Google Cloud Professional Cloud Security Engineer — Question 154

Your organization wants full control of the keys used to encrypt data at rest in their Google Cloud environments. Keys must be generated and stored outside of Google and integrate with many Google Services including BigQuery.

What should you do?

Answer options

• A. Use customer-supplied encryption keys (CSEK) with keys generated on trusted external systems. Provide the raw CSEK as part of the API call.
• B. Create a KMS key that is stored on a Google managed FIPS 140-2 level 3 Hardware Security Module (HSM). Manage the Identity and Access Management (IAM) permissions settings, and set up the key rotation period.
• C. Use Cloud External Key Management (EKM) that integrates with an external Hardware Security Module (HSM) system from supported vendors.
• D. Create a Cloud Key Management Service (KMS) key with imported key material.
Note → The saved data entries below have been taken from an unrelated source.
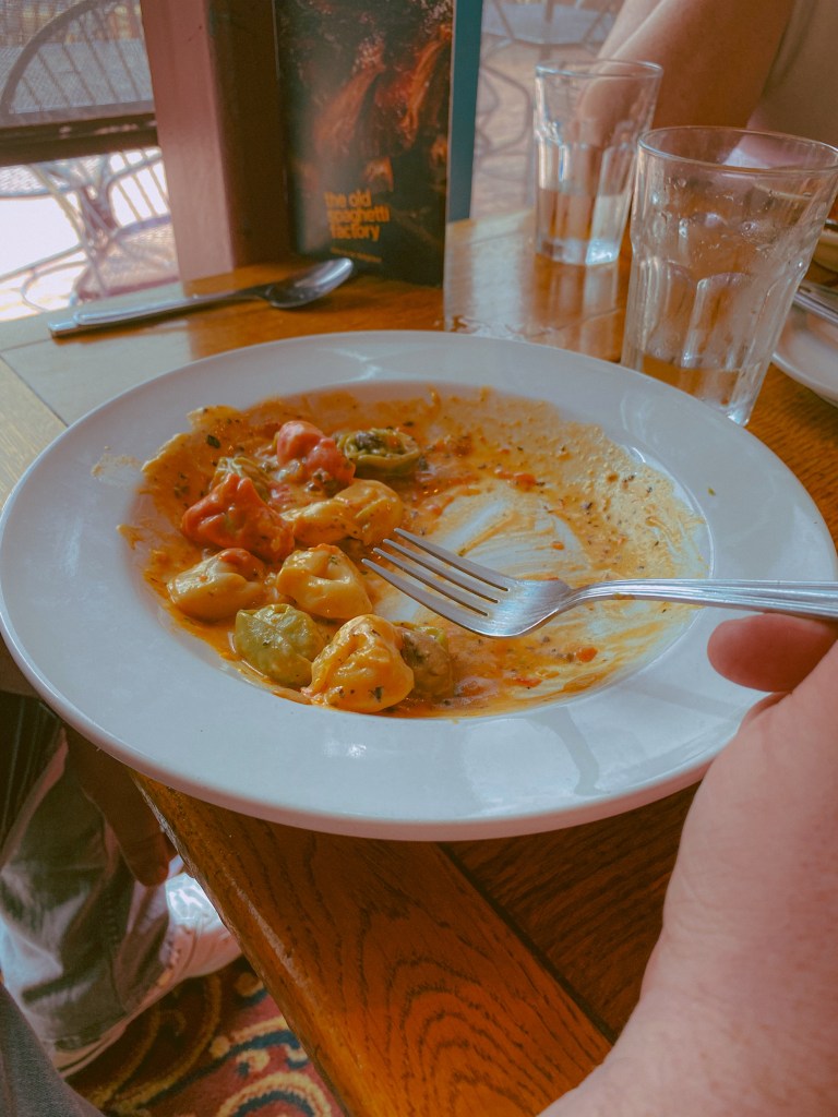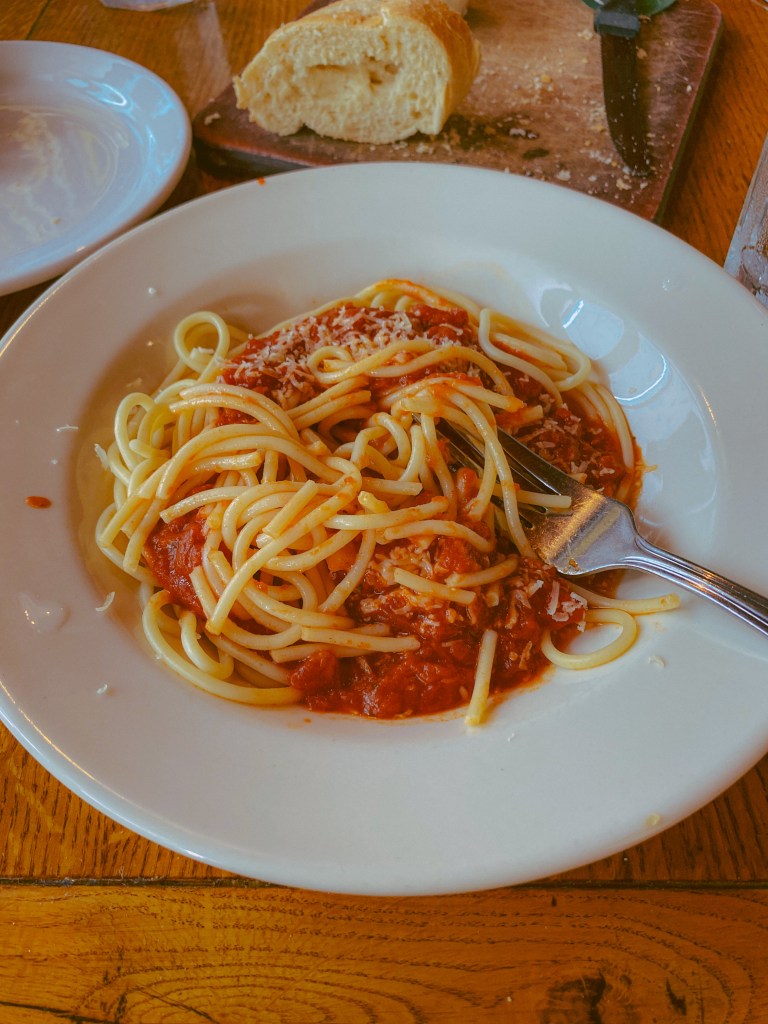 For lunch, they also had lunch specials options to choose from that offered a few different entrees as “lunch size” portions as well, which I appreciated because I’m usually a lighter lunch eater. For our side of the table, Luke ordered the regular sized of the tortellini pomodoro, and I ordered the lunch size spaghetti.
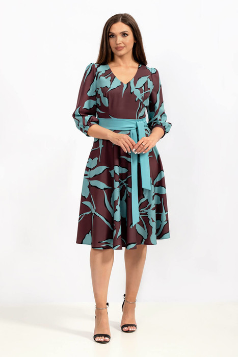 Платье женское полуприлегающего силуэта отрезное по линии талии. Лиф переда с нагрудными и талевыми вытачками. Горловина V-образная. По среднему шву спинки сверху застёжка потайная молния. Юбка расклешённая. Рукав одношовный втачной, по окату небольшая сборка. Низ рукава со сборкой на тонкие манжеты. Изделие дополняет пояс кушак. Платье без подкладки.
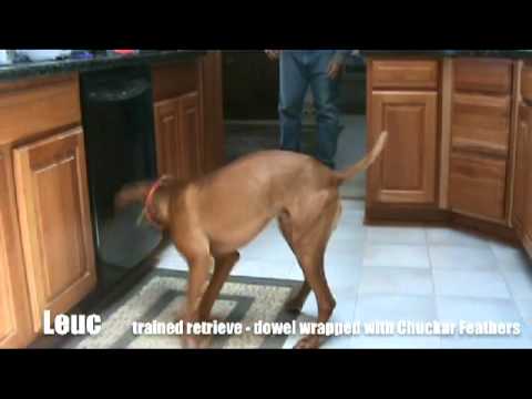 I started with three pupils. A six year old Vizsla Female, (Tessa) A 3 1/2 year old Vizsla Male (Hank) and an 18 month old Vizsla Male, (Leuc). The first observation is the males seem a little slower to "get it", but then the sampling is very small so take that for what it's worth. Of the two males, the one is to the point of almost picking up the dowel from the floor - he is the slowest, but also the least food motivated. I've found he takes the treat - but by giving loads of praise at milestone moments it helps set the behavior better in his mind.
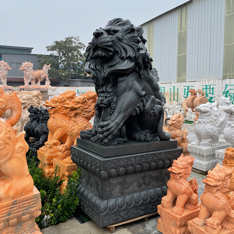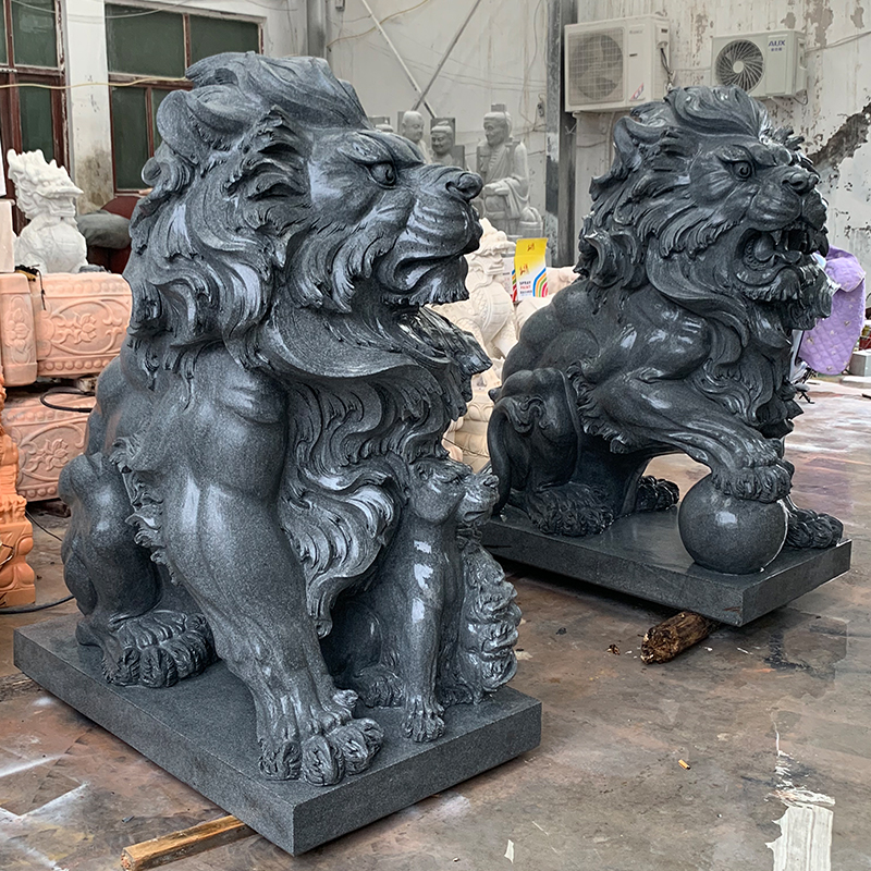 Granite European Stone Lion A pair of stone carvings climbing lions Bank Hotel Villa Gate Town House Decoration Kirin Pixiu
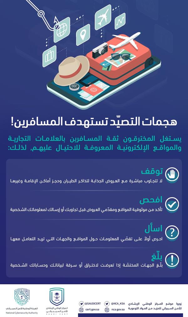 ودعا المركز المسافرين إلى التأكد من موثوقية المواقع ومقدمّي العروض قبل التجاوب معها أو إرسال معلوماتهم الشخصية، مشدداً على ضرورة أن يتواصل المسافر مع الجهات المختصّة في حال اختراق أو سرقة بياناته وحساباته الشخصية.
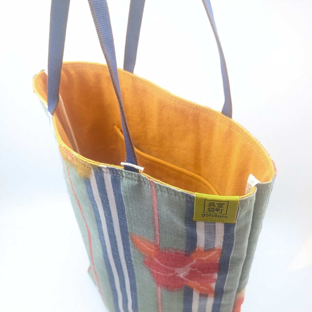 室町呉袋のマチ付きトートバッグ大サイズです。内ポケット1つ付き。

Wrap the key for protection during import. Import the key generated on a trusted system in Cloud KMS.

Correct answer: C

Explanation

The correct answer is C because Cloud External Key Management (EKM) allows you to manage your encryption keys externally while integrating seamlessly with Google Cloud services. Option A does not provide the required integration with multiple services, option B relies on Google-managed keys which contradicts the need for external control, and option D involves importing keys instead of managing them externally.